Il faut saluer la conférence de presse de Kinshasa du 4 mars 2023 où il y a eu beaucoup d’annonces très intéressantes, de prises de position, de rappels historiques, autant dans l’allocution du président Macron que celle du président Tshisekedi, ainsi que dans les questions posées par les journalistes.

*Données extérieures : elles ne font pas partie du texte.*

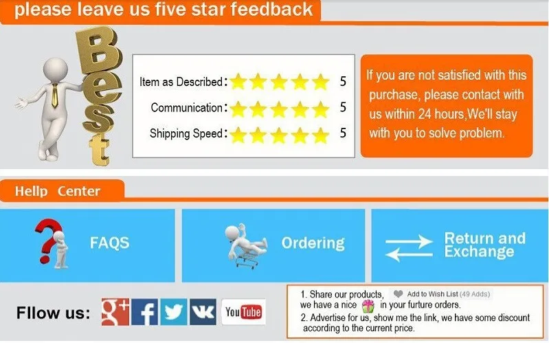 | 대한 판매 후 우리는 당신이 각 평가, 당신이 우리의 제품 또는 서비스를, 우리의 고객 서비스, 우리는 짧은 시간에 당신에게 만족스러운 솔루션을. |

Cette visite en RDC s’est faite à un moment particulier, à un moment où il y a un processus de paix enclenché concernant la situation sécuritaire à l’Est et le M23, avec un calendrier. « Et j’en mesure toute la gravité » disait Emmanuel Macron. Le président français a rappelé, en s’adressant aux Congolais, que cette situation faisait vivre à la RDC « le nouvel acte d’une tragédie qui depuis près de 30 ans ne s’est jamais vraiment éteinte ». Aussi, disait-il que « La France ne s’est jamais résignée a une soi-disant fatalité de l’histoire ».

Il y a donc eu de belles phrases. Emmanuel Macron déclarait « Parce que la guerre qui revient, c’est ajouter des morts aux morts et des drames aux drames. Et en disant cela aujourd’hui, je veux également pleinement mesurer le poids de l’histoire, les drames qui se sont joués dans votre pays, les crises et guerres précédentes, qui nécessitent, … qui nécessiteront que la justice pour le temps présent et la justice pour les crimes passés puisse passer. »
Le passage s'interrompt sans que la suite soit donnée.